Innovation opens new doors and takes us down new paths. However, change generates consequences. When evaluating feasibility, businesses need to recognise that there will almost certainly be unintended consequences as much as those outcomes that we desire.
Machine learning holds much promise, but is in some ways the “new digital” as the unintended consequences of exploiting it are only being experienced for the first time now.

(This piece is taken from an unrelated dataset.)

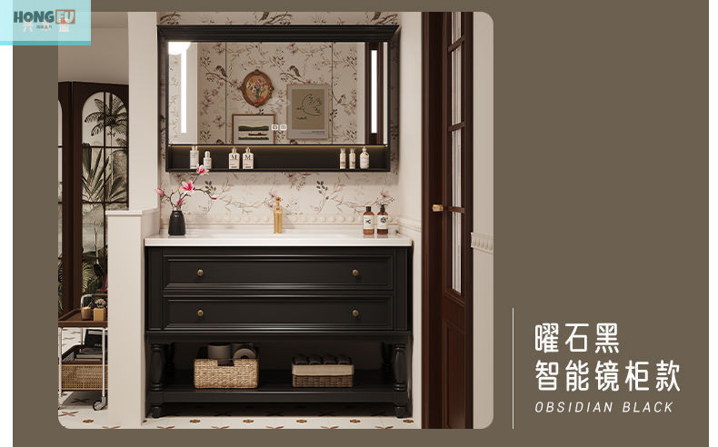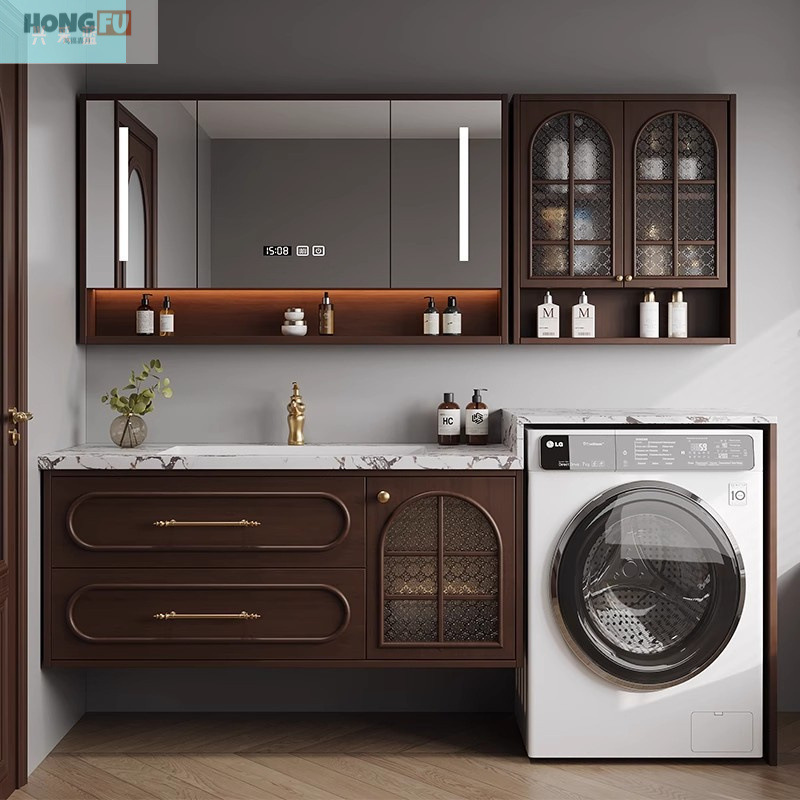 鸿福嘉月中古风浴室柜洗衣机一体柜组合卫生间岩板一体洗漱台洗手

A critical part of successful change is to conscientiously manage the component parts. In the area of machine learning, examples include:
Data analytics and MI, particularly on process exceptions and cost
Customer journeys and direct feedback on how your customers think and feel as a result of the machine learning interventions. Driver analysis, leading to customer profiling segmentation and personalisation
Regulatory compliance and how planned changes may change customer behaviour. The furore over Facebook and Cambridge Analytica should have taught us that organisations themselves need to adhere to the spirit and not just the letter of the law. Regulation may take time to catch up with their policies and guidelines, however that is no defence and will not protect an errant institution’s reputation and market value
Organisational redesign. This often centres on the organisation’s structure instead of the capabilities required, to operate effectively in the new world. System, process and people capability should all be considered
Culture. Every change initiative ultimately depends on culture. Successful change places this at the centre of things. You need to think of how to get your people, and customers, to embrace, own and ultimately champion the new culture
Business processes. These are all too often scrutinised to make them cost efficient. A more discerning approach is to ensure costs are attached to value- adding processes. Cost that does not add value adding should be removed
Ultimately strategy and change is all about execution. Our experience is that machine-learning-driven strategy and outcomes should be approached as part of a holistic change initiative. Actively considering the change implications across all the areas that will be affected or can contribute can open up the scope and scale of opportunities that machine learning can bring to all parts of the business.
In summary, corporates in all industries must now craft a machine learning strategy. Using good judgement will yield the highest return with the fewest adverse surprises. And remember, informed and structured imaginative thinking along with the application of experience-based judgement will be the preserve of humans for some time to come.